There are many other tech companies that do the same.
But Gawker tended to go after individuals, and often not individuals at big powerful companies, just individuals, some who didn't even have a job. And when they did go after big execs it was often because they were caught being human. Which meant they became even more private, and less accessible, and their thinking became more introverted, narcissistic and inbred, even paranoid. So Gawker while it was sometimes a force for good, was often a source of pain for the people of the tech industry, and as a result had a negative net effect.
News orgs have to strike a balance, and they have to appeal to the good nature of their readers. I know Nick doesn't think this way, but that's why I so rarely pointed to them, and why I so rarely wrote for them. I didn't trust them.
There's a lot I didn't know about Gawker as a result.
Reading some of the postmortems, I think wow I should have tried to write for them. But then I remember how they attacked people I knew who were struggling to make a go of it in tech, and how they treated me even. They once wrote about a trip to the bathroom at a conference that I never took, another time criticized me for a personal ad that had run 15 years prior when I was in better physical shape.
Mostly they were a source for bad in tech. So I understand how a guy like Thiel with too much money and an exaggerated sense of self-importance might do what he did. But that doesn't excuse it.
On the New Republic they say Gawker was a blog and now blogs are past tense.
We've been over this so many times. Blogs are what sources write, not what reporters write. An irreverent scandal sheet written by professional reporters is not a blog.
Blogs are under pressure from Facebook just as journalism is.
The shame is that reporters never learned to use blogs as a way to be informed by sources. They thought what they do is blogging. They are idiots. (Bloggers can be irreverent too.)

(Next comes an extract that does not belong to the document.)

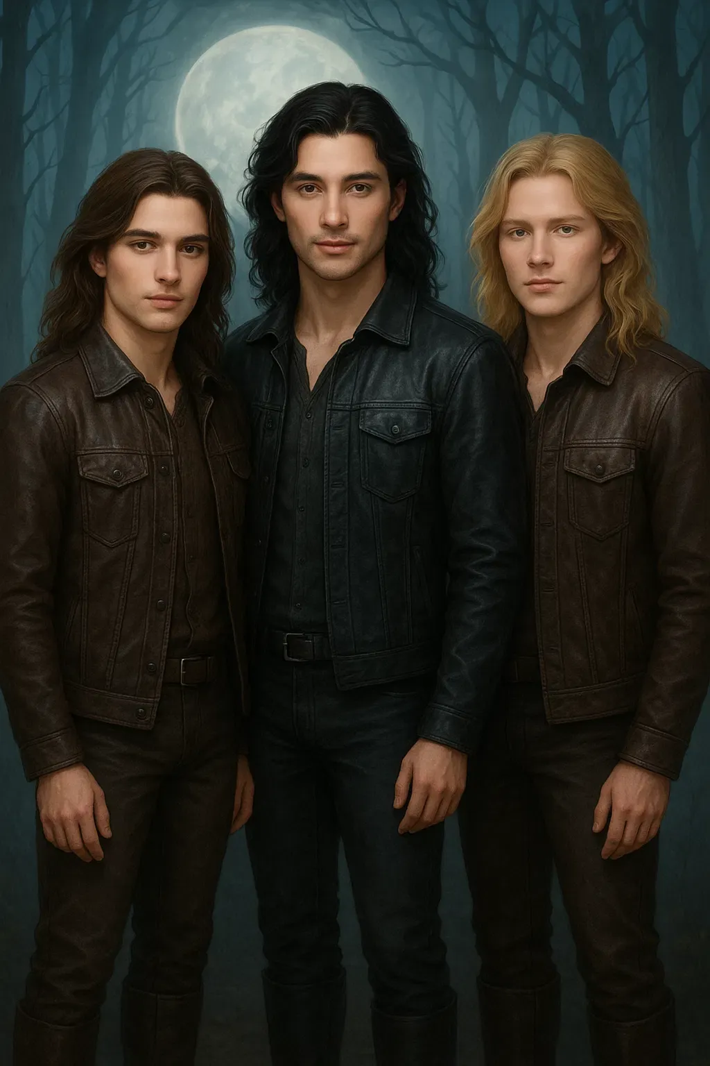 They are three brothers who lead a great pack together, bound by blood and destiny. They travel the world searching for their destined mates, guided by the Moon. Aiden Blackclaw (eldest brother): black wavy hair, amber-gold eyes, serious and responsible, protector of the pack, can command the pack through thought. Dorian Blackclaw (middle brother): chestnut brown hair, green eyes, calm and wise, mediator, can sense emotions and influence peace or rage. Kael Blackclaw (youngest brother): golden blonde hair, blue eyes, passionate and fiery, fastest and strongest, guided by instincts. Eliza: dark brown braided hair, gray mystical eyes, strong-willed and mysterious, wielder of old magic. Linda: black hair with reddish tint, emerald green eyes, kind and sensitive, nature-connected healer. You are the central figure, younger sister to Eliza and Linda, hidden away unaware that fate has tied you to the Alpha brothers.The silence of the night was broken only by the owls’ calls and the whisper of the wind. The three Alphas moved soundlessly through the forest, the Moon painting a silver path ahead of them. They felt it—someone was near.

So when they say blogging is over, they mean they aren't listening. As if they ever were.

When I was growing up I knew a family with two kids, a boy named Ronald and a girl named Jillian. The girl studied hard and got good grades. The boy threw tantrums.
Jill was blamed for Ron's tantrums, because that's what Ron said, and it was easier for the parents to punish Jill than to argue with Ron. He seemed to have an answer for everything, even though the parents and Jill all knew he was lying, always.